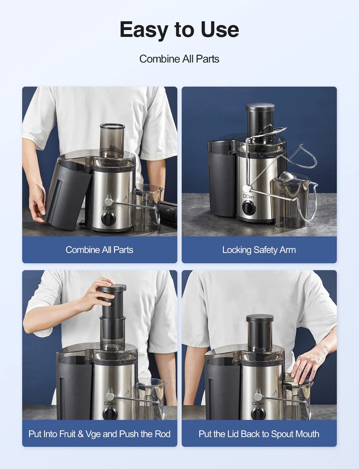 Built with a high-efficiency 500-watt motor, this juicer quickly extracts juice from a wide variety of fruits and vegetables—whether it’s crisp apples, leafy greens, or tough root veggies like carrots and beets. The 3-inch wide mouth feed chute allows you to insert larger pieces or even whole fruits, reducing prep time and making juicing faster and easier than ever.
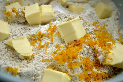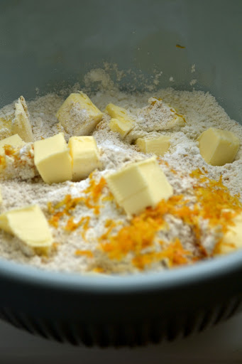 In a bowl weigh out the dry ingredients. Add the cold butter to this (I cut it into small cubes) and rub the butter into the flour until the mixture is flaky and resembles breadcrumbs.
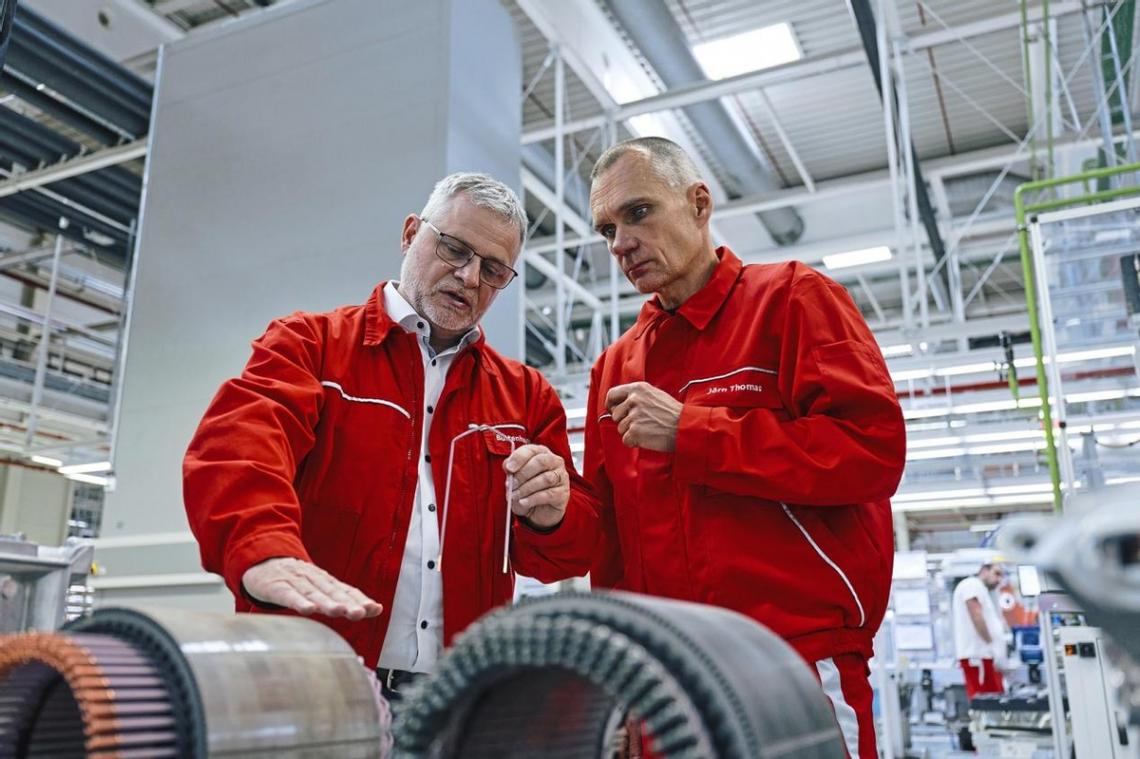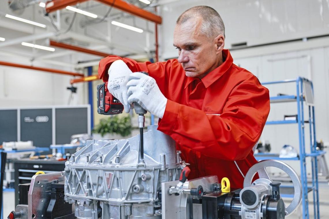 奧迪除了依靠橘色的庫卡機器人精確編排“芭蕾舞”,也還需要人。這些人對工作充滿熱情,而且在這里你會遇到很多這樣的員工。即使是在車間里他們也會用靈活的雙手向客人展示如何將電動機的轉子和定子組裝在一起。以異步電動機(ASM)為例,因為在永磁同步電動機(PMS)中,轉子是永久磁化的,這就增加了工作難度,使其變得復雜;在異步電動機上,我可以更好地使用各種工具。
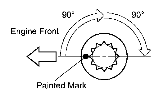 1. Mark the cylinder head bolt head with paint as shown in the illustration.
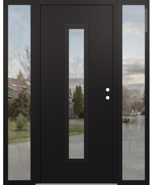 Modern Steel Front Door DIAMOND A11 64" X 80" BLACK/BLACK CLEAR GLASS PANEL BLACK RHI WITH 2 SIDELITES CLEAR GLASS
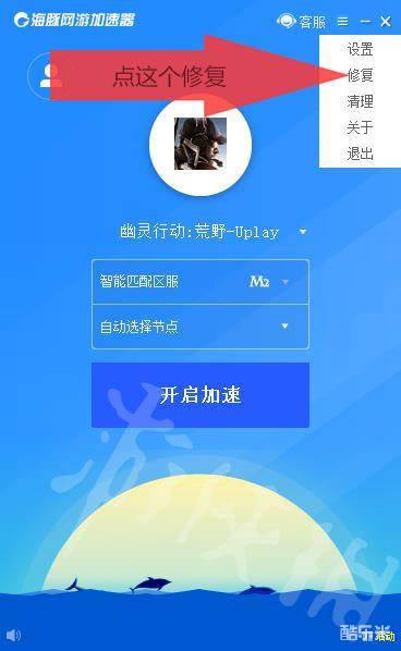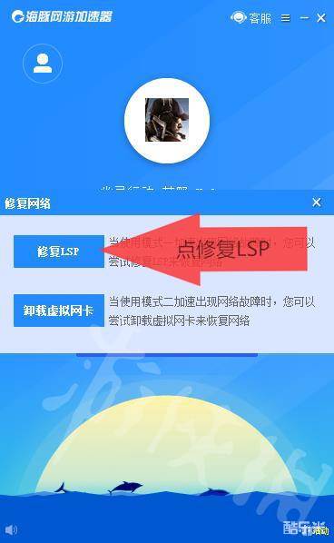 首先打开加速器,找到网络修复(如图)这里已海豚为例。
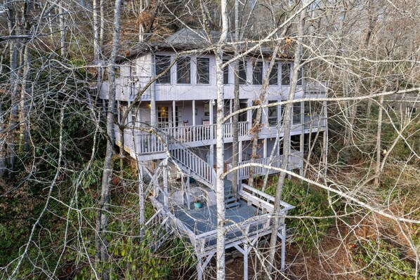 Coweeta Creek is great for fishing and playing in the water - there are stairs and a path leading down to it. Watch and listen to the running water from inside the house or one of the numerous decks. Nearby must-visit attractions include the Smoky Mountain Center For The Performing Arts, Franklin Gem & Mineral Museum, and Dillard(Julep Farms and The Dillard House) - all within eight miles.

---+---

Exercise instructions — When copying the records, reproduce every entry exactly and omit all pictures.

Written answer —
 Built with a high-efficiency 500-watt motor, this juicer quickly extracts juice from a wide variety of fruits and vegetables—whether it’s crisp apples, leafy greens, or tough root veggies like carrots and beets. The 3-inch wide mouth feed chute allows you to insert larger pieces or even whole fruits, reducing prep time and making juicing faster and easier than ever.
 In a bowl weigh out the dry ingredients. Add the cold butter to this (I cut it into small cubes) and rub the butter into the flour until the mixture is flaky and resembles breadcrumbs.
 奧迪除了依靠橘色的庫卡機器人精確編排“芭蕾舞”,也還需要人。這些人對工作充滿熱情,而且在這里你會遇到很多這樣的員工。即使是在車間里他們也會用靈活的雙手向客人展示如何將電動機的轉子和定子組裝在一起。以異步電動機(ASM)為例,因為在永磁同步電動機(PMS)中,轉子是永久磁化的,這就增加了工作難度,使其變得復雜;在異步電動機上,我可以更好地使用各種工具。
 1. Mark the cylinder head bolt head with paint as shown in the illustration.
 Modern Steel Front Door DIAMOND A11 64" X 80" BLACK/BLACK CLEAR GLASS PANEL BLACK RHI WITH 2 SIDELITES CLEAR GLASS
 首先打开加速器,找到网络修复(如图)这里已海豚为例。
 Coweeta Creek is great for fishing and playing in the water - there are stairs and a path leading down to it. Watch and listen to the running water from inside the house or one of the numerous decks. Nearby must-visit attractions include the Smoky Mountain Center For The Performing Arts, Franklin Gem & Mineral Museum, and Dillard(Julep Farms and The Dillard House) - all within eight miles.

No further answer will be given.